Excerpts from a dataset
- Opening Delimiter -
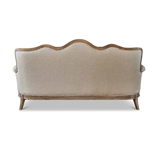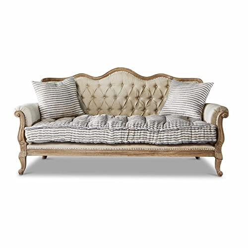 Ein Klassiker im französischen Landhaus-Stil. Traditionell gefertigt mit Chesterfield-Steppung und elegant geschwungenem Gestell aus edlem Mangoholz. Hochwertiger Bezug aus reinem Leinen. Sofas gibt es viele, dagegen hier zeigen wir Ihnen eine Kreation, wie es nicht viele gibt. Seine Entstehungsgeschichte könnte man alias als eine Zeitreise durch vergangene Epochen bezeichnen, denn für dieses Sofa hat sich der Designer mal hier, mal da bedient. Der kunstvoll geschwungene, von Hand verzierte Rahmen und die stilecht gearbeiteten Füße aus edlem Mangoholz erinnern an die Sitzmöbel des französischen Rokokos, während die rautenförmige Steppung ganz eindeutig bei den englischen Chesterfield-Sitzmöbeln entlehnt wurde. Der Bezug aus reinem Leinen von neuem ist ein klassisches Stilelement des traditionellen Landhaus-Looks, der bei diesem Sofa mit dem Mix aus Unifarbton und feinen Streifen eine moderne Schreiben ins Spiel bringt. Aus diesen Zutaten komponierte der Künstler ein Sofa, das in jedem Universum zum bewunderten Highlight werden wird. Und Ihnen zugleich Abend für Abend als stilvolle Entspannungsinsel dient. Was in früheren Epochen verpönt war, dürfen Sie hier und gegenwärtig nach Herzenslust tun: sich gemütlich hineinlümmeln, die Füße hochnehmen, in die zwei Zierkissen kuscheln und, und, und.
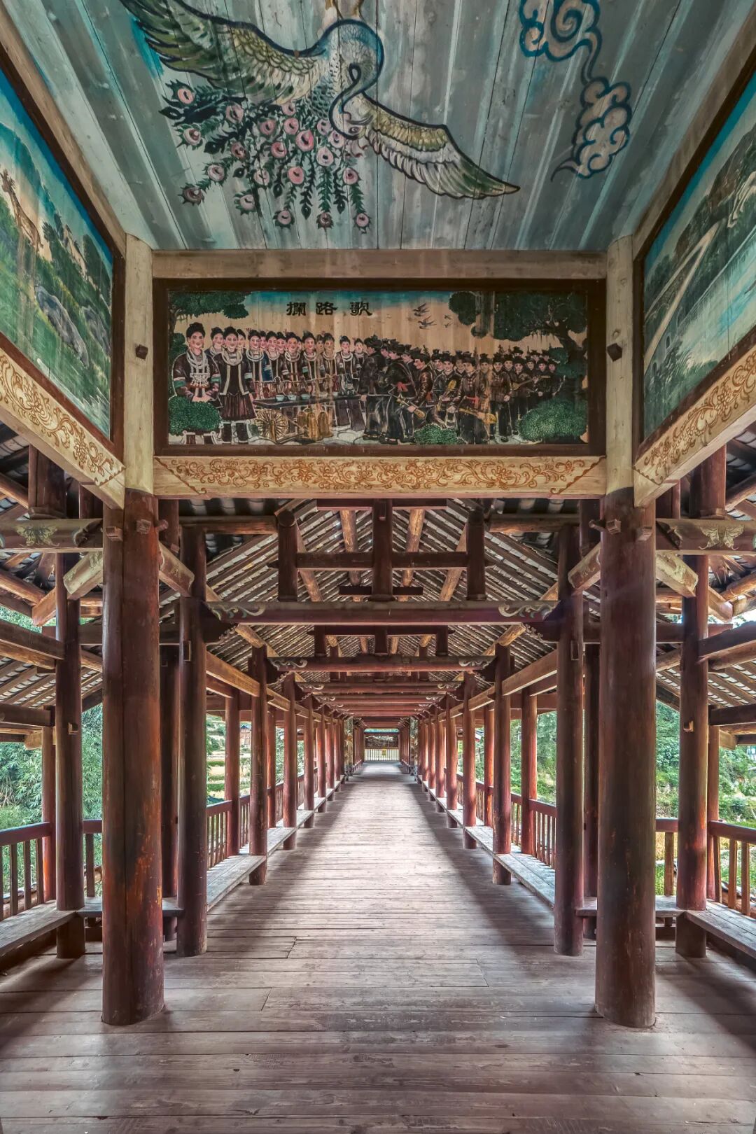 这座清光绪年间用全杉木榫卯搭成的桥,木料皆由附近乡村募集而来,粗壮而坚实,不用钉铁,却把当地侗族人民的日子与各民族的温情,都稳稳托在了56米的桥廊里。
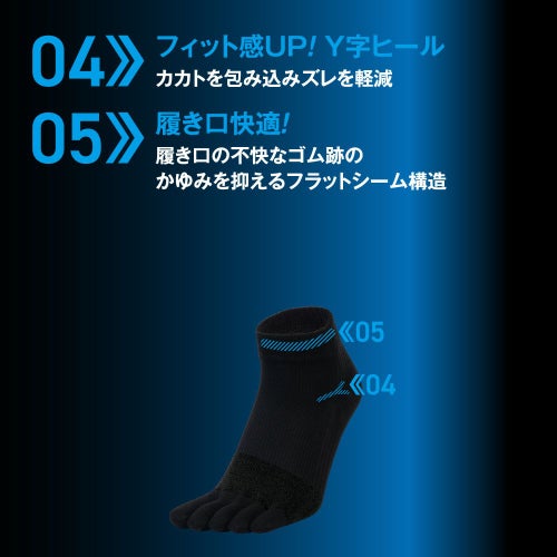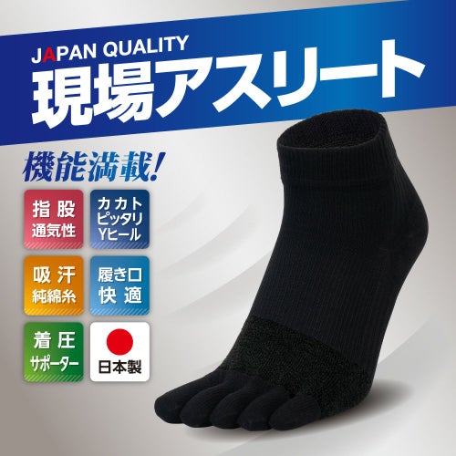 5. 国産靴下 現場アスリート 5本指 アンクル丈 2足組 25~27cm
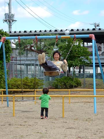 凪が寝たので、空をつれて公園へ。真吾ばっかり遊んでます。
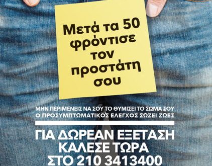 Κατά τη διάρκεια της εκστρατείας, θα πραγματοποιείται δωρεάν προσυμπτωματικός έλεγχος για τη νόσο, με την εξέταση του Ειδικού Προστατικού Αντιγόνου (PSA). Για την δωρεάν εξέταση, οι ενδιαφερόμενοι μπορούν να επικοινωνούν με το τηλέφωνο 210 3413400.
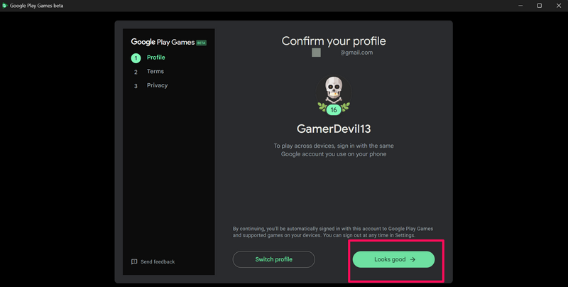 10。既存のGoogle Playゲームプロファイルを選択するか、別のGoogleゲームプロファイルに切り替えます。クリックします良いボタンに見えます終わったら。
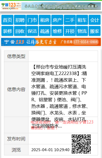 【邢台市专业地暖打压清洗空调家庭电工2222338】:精准测漏,!疏通改装上、下水管道、疏通污水管道、电锤打孔、安装更换水管(PPR、铝塑管)便池、阀门、热水器,疏通管道,修水管、换阀门、水龙头、水表,坐便器便盆、皮碗、水钻打孔卫生间做防水、建筑杂活疏通各种疑难下水道、上下水安装、空调移机加氟、挖凿门口、墙、地面,修装太阳能热水器,地暖暖气、地暖打压清洗,专业电工,电焊工上门服务,专业美缝,开锁换锁,家庭保洁,修装学校商场中央空调,修装消防管道、修装各种消防喷头 地址、电话:桥西冶金路桥东开元路2222338--15690375321 |
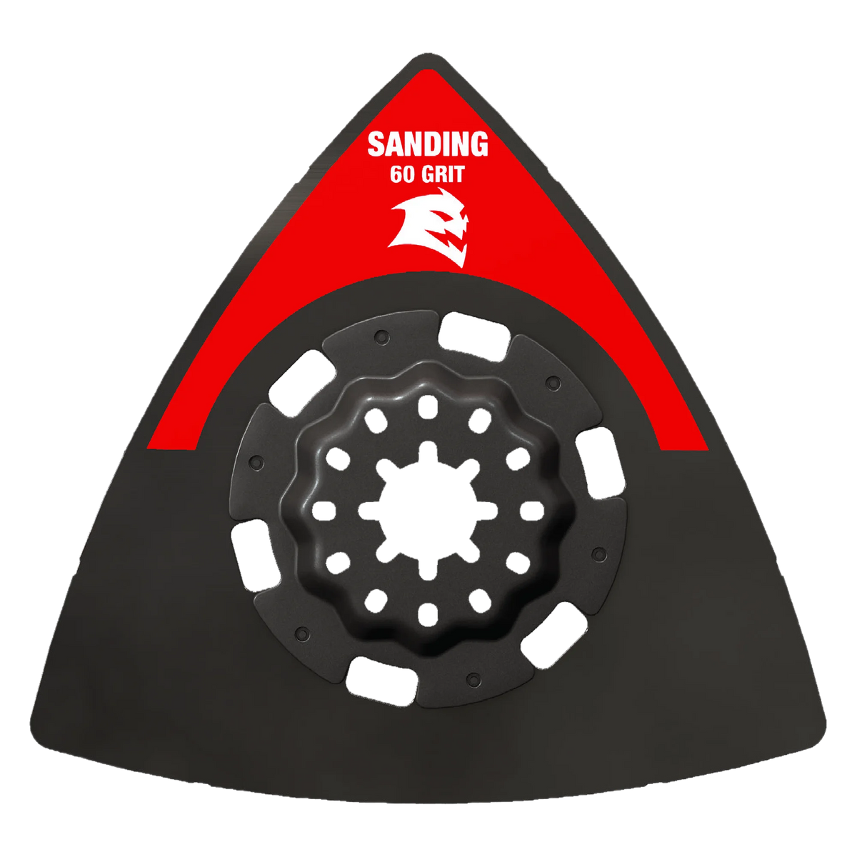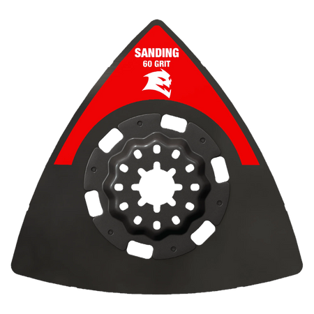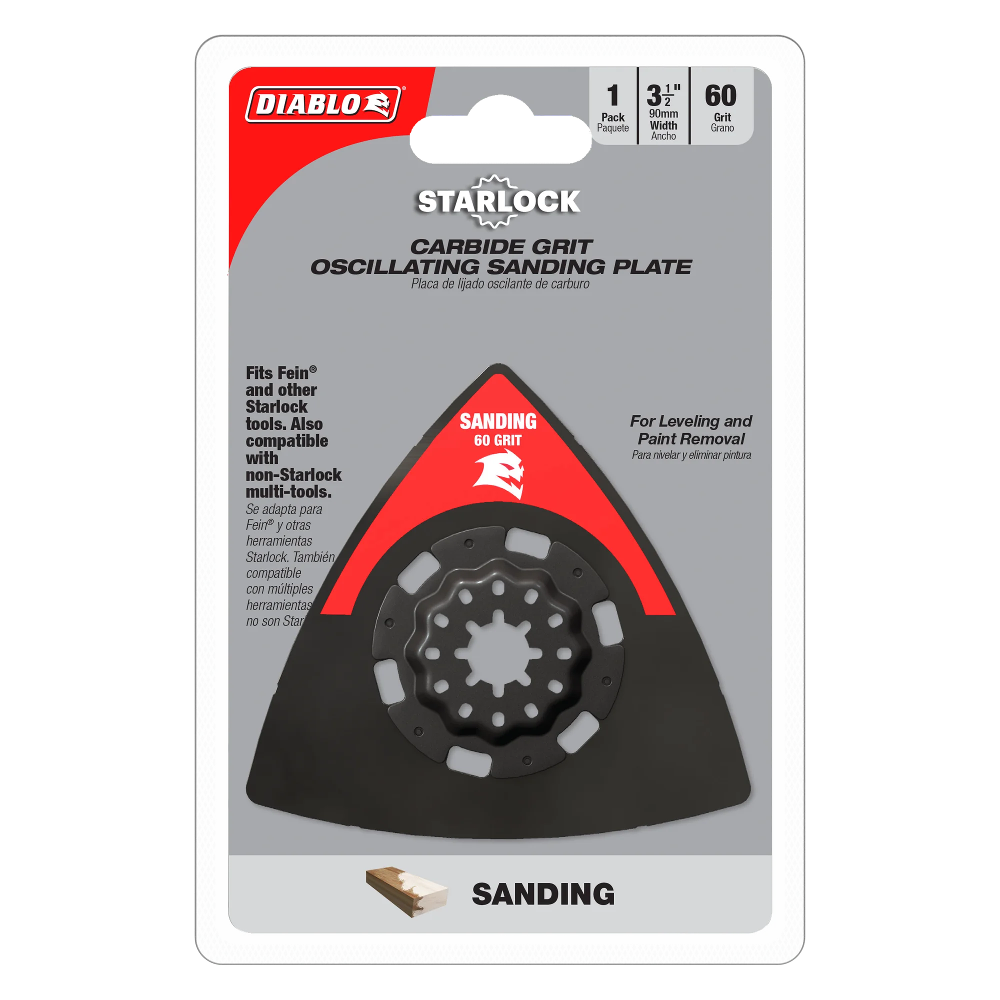 Diablo’s Starlock oscillating sanding plates feature application specific designs that deliver maximum durability and longer life in sanding applications. A 60-Grit sanding plate quickly removes and levels paints and varnishes. Open-coat carbide grit reduces material build-up and clogging for longer life. Tool free quick-change interface fits Fein and other Starlock tools; also compatible with most non-Starlock multi-tools.
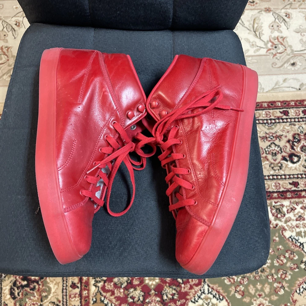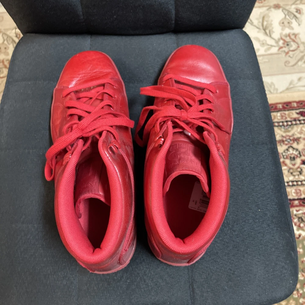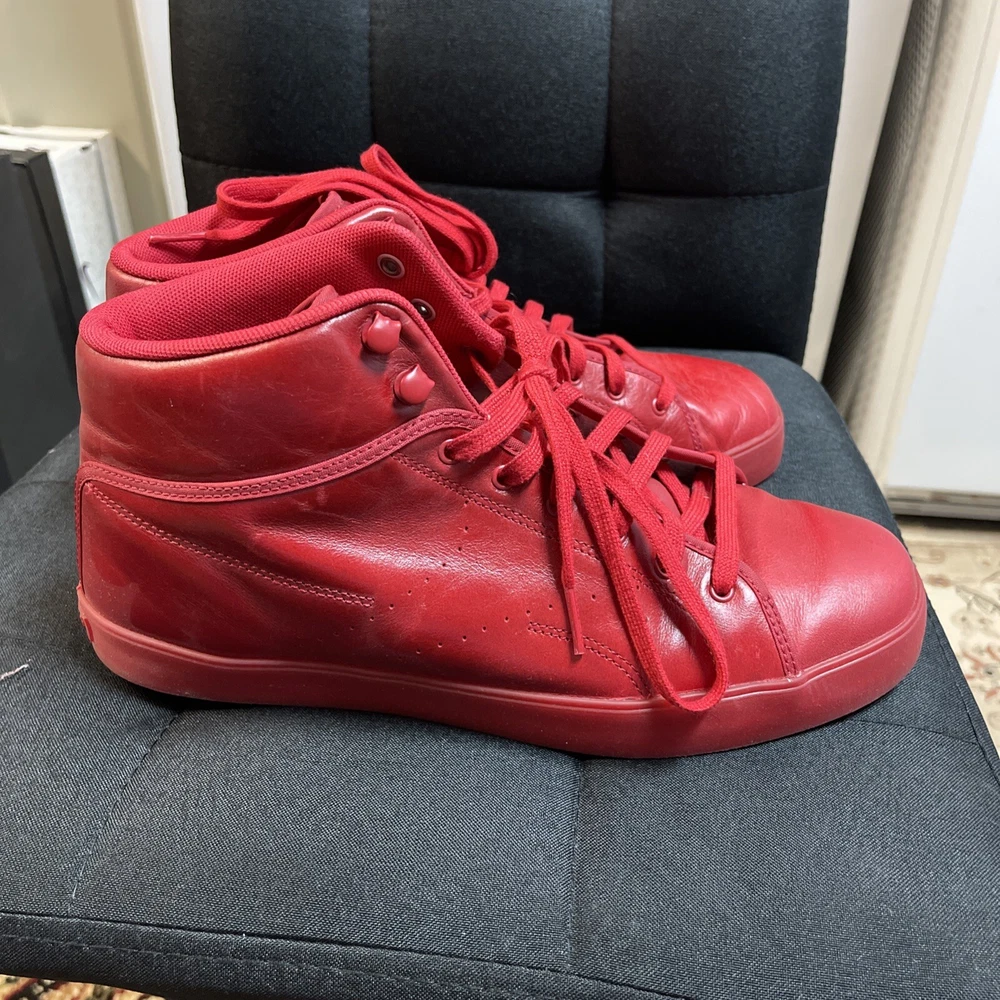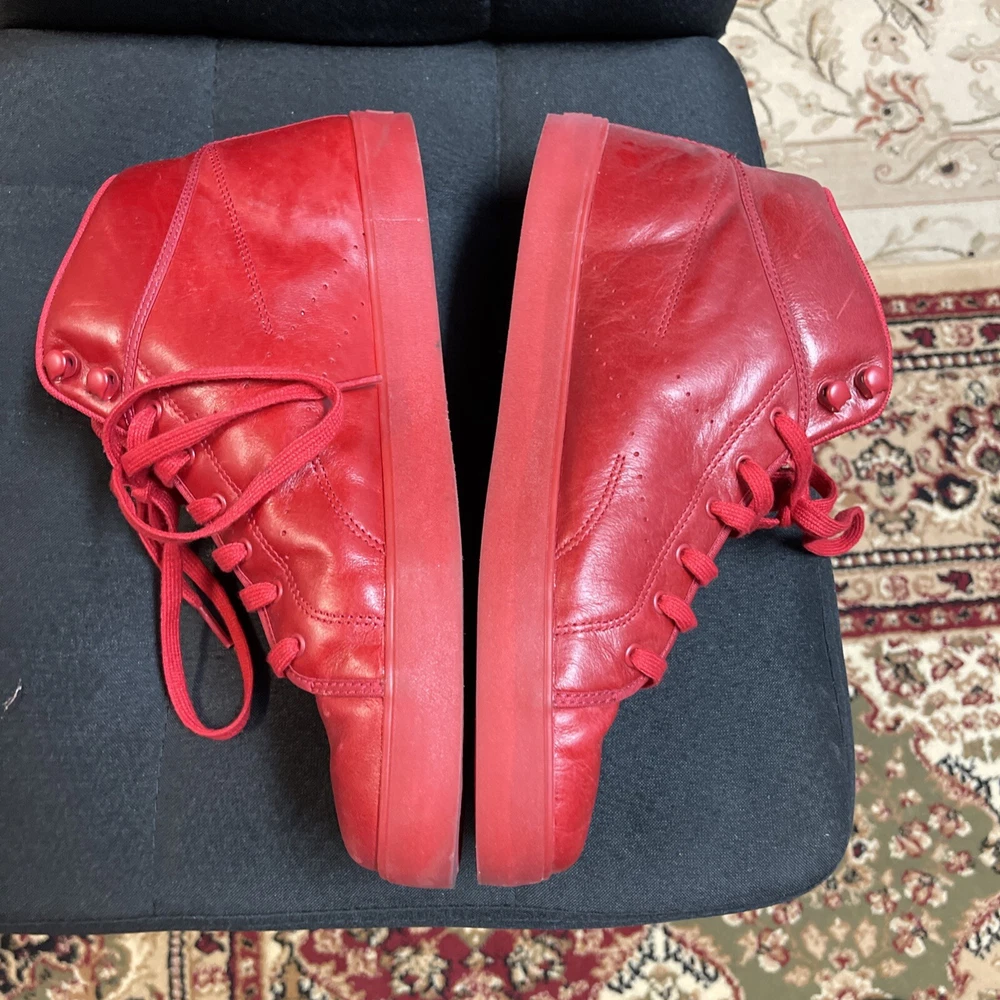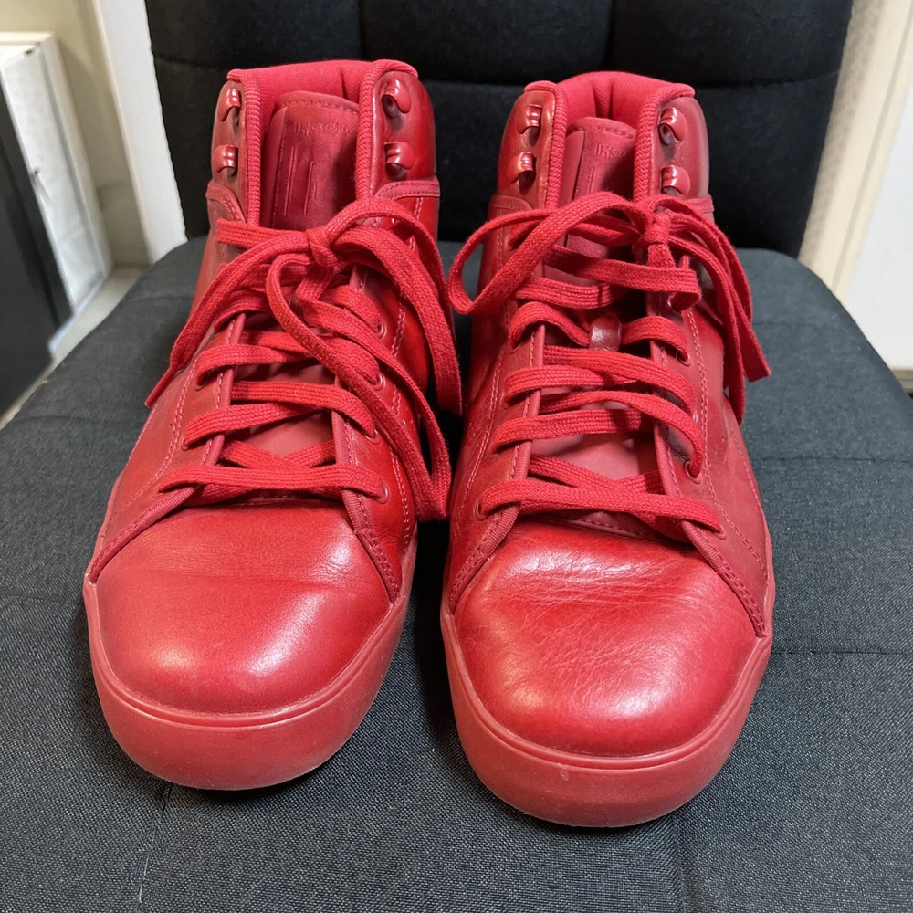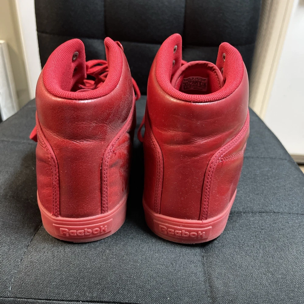This is a pre-owned pair of Reebok T Raww sneakers in size 10 for men from the 2013 release. The shoes feature a mid-top shaft style in a vibrant red color known as Excellent Red/Excellent Red. The style code for this model is J97764, and they were released on February 14, 2013. These athletic sneakers are designed with a sleek and stylish look, perfect for casual wear or for adding a pop of color to any outfit. No box only worn once
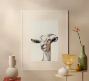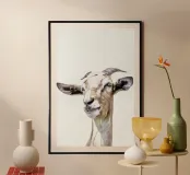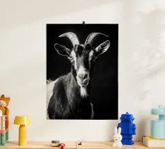 Questa incantevole fotografia raffigura un'adorabile capra, che cattura il suo fascino giocoso e la sua personalità unica. Perfetta per gli amanti delle capre e per gli appassionati di arredamento rustico, questa stampa di animali della fattoria aggiunge un tocco di decorazione ispirata alla natura a qualsiasi cameretta o stanza dei bambini.
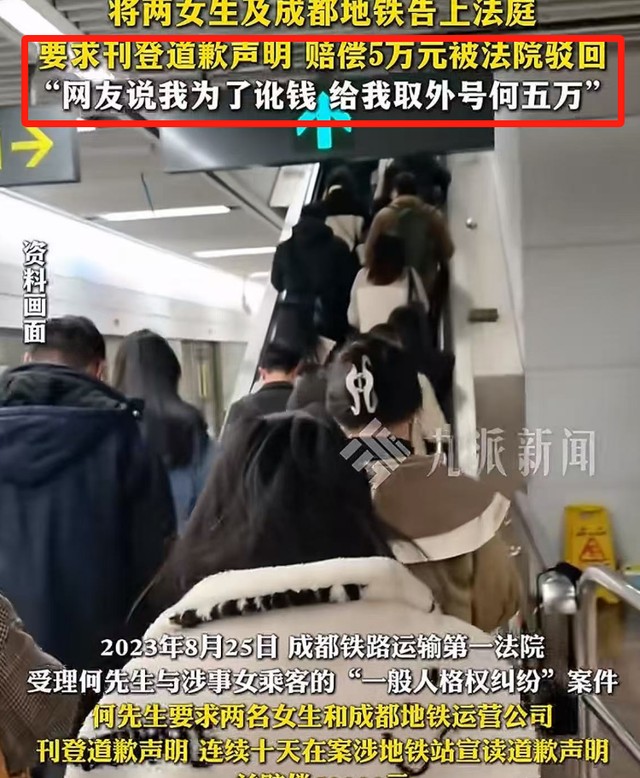 他把这两位女子和地铁站告上了法庭,诉求是希望能够公开道歉和赔偿精神损失费。
- Closing Delimiter -
Exercise prompt » With pictures omitted, reproduce exactly the lines from the line containing "Questa incantevole fotografia" through the end of the data above.

Exercise answer »
 Questa incantevole fotografia raffigura un'adorabile capra, che cattura il suo fascino giocoso e la sua personalità unica. Perfetta per gli amanti delle capre e per gli appassionati di arredamento rustico, questa stampa di animali della fattoria aggiunge un tocco di decorazione ispirata alla natura a qualsiasi cameretta o stanza dei bambini.
 他把这两位女子和地铁站告上了法庭,诉求是希望能够公开道歉和赔偿精神损失费。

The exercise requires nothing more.